SCF creates a true win-win for all the parties involved and can therefore be considered the biggest financial innovation since the invention of the L/C. SCF may be one of the most attractive tools for companies to diversify funding sources, enrich and solidify their relationships with Suppliers and their core Banks.

At ING we define SCF as follows:

“Supply Chain Finance takes care of outgoing payments to Suppliers with the possibility to advance those payments based on the Buyer’s credit rating. This enables the Buyer to keep long terms or even stretch days payable, while the Suppliers’ position is not weakened.”

A Technology Platform connects Buyer, Suppliers and Investors (Banks) to facilitate invoice and credit note reconciliation, invoice trading and settlements between the parties.” SCF is also known in the market as Reverse Factoring as it is receivables driven financing with the initiative taken by the debtor. SCF puts a lot of emphasis on automation of business processes as it is closely related to reconciliation processes, e-invoicing and payment factoring.

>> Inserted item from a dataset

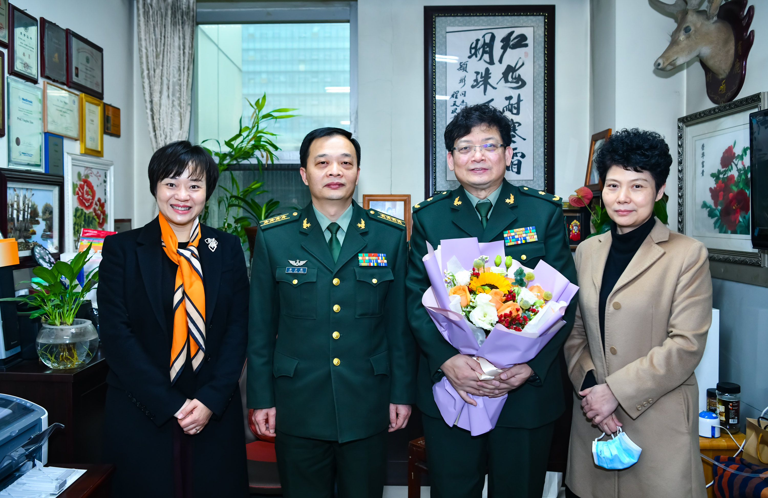2月2日下午,重庆市卫健委二级巡视员赵世利、人事处处长王玲带队来新桥医院慰问肖颖彬教授、杨清武教授、晋献春教授等部分专家,代表市卫健委为他们送去节日的问候,新桥医院吴昊院长、唐万能政委等院领导陪同。
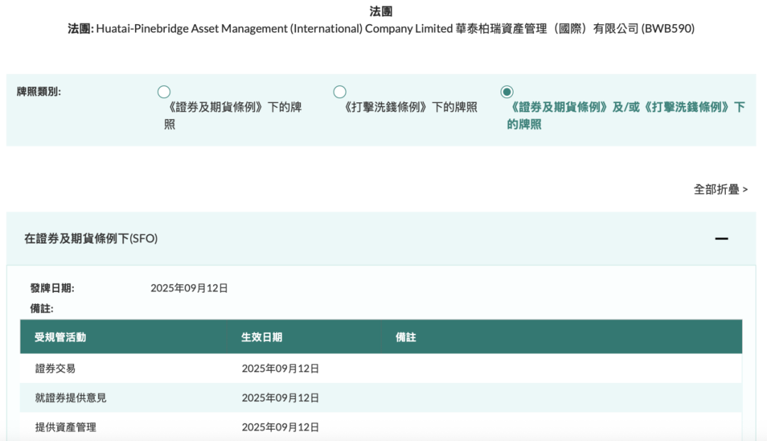 【导读】华泰柏瑞基金香港子公司获香港证监会核发牌照

Reverse Factoring which can be totally manual or paper-based, is not interrelated with other key business processes.

The key difference of SCF with Traditional Factoring is that the Bank’s risk exposure is fully concentrated on one Buyer. Instead of one Supplier and many Buyers (in case of Traditional Factoring). The similarity of all factoring products is that the Bank (the Factor) is taking over receivables from the Supplier, finds some way to mitigate its risks and wants to cash in the outstanding payments to be done by Buyers.